Great apparent advance for some melanoma patients. A series in the NY times:
A new kind of cancer therapy, it was tailored to a particular genetic mutation that was driving the disease, and after six years of disappointments his faith in the promise of such a “targeted” approach finally seemed borne out. His collaborators at five other major cancer centers, melanoma clinicians who had tested dozens of potential therapies for their patients with no success, were equally elated.

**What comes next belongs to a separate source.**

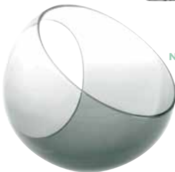
Canasta de Emiliano Godoy, NOUVEL STUDIO , nouvelstudio.com *

Once unleashed, however, any cancer seemed to rely on the protein made by a particular mutated gene to fuel its wild growth. In all of the PLX patients, that gene was B-RAF. And whatever the cause, they came to consider themselves, so far as it was possible with what has always been a virtually untreatable cancer, charmed.
More here.
In new results from 31 melanoma patients with the BRAF mutation who were treated with 960mg of PLX4032 twice a day, 64% (14) of the 22 patients who could be evaluated so far met the official criteria for partial response (this involves the diameter of tumours shrinking by at least 30% for at least a month). A further six of the 22 patients also showed a response, but, at the time of the congress presentation, it was too early to say whether the tumours would shrink far enough to meet these criteria.
“What makes this treatment different from standard chemotherapy is that standard chemotherapy attacks the machinery involved in cell division; so to stop the cancer cells dividing uncontrollably, most standard chemotherapy aims to block the mechanism of division by interfering directly with DNA replication or with microtubules in the dividing cells. PLX4302 is different because it attacks the genetic programme that is causing the cells to divide uncontrollably, and we think the BRAF mutation is driving that programme. The drug is blocking the genetics of the tumour, rather than trying to interfere with the proliferation of the cells and, as a result, there are fewer side effects, although there are some. We are seeing some pretty dramatic and rapid responses, and they are occurring in sites where we rarely see responses to chemotherapy, such as in the bone.
Medicynical note: Until now melanoma has been refractory to virtually all interventions. This is a real positive step if the responses are durable and life extending–as they seem to be.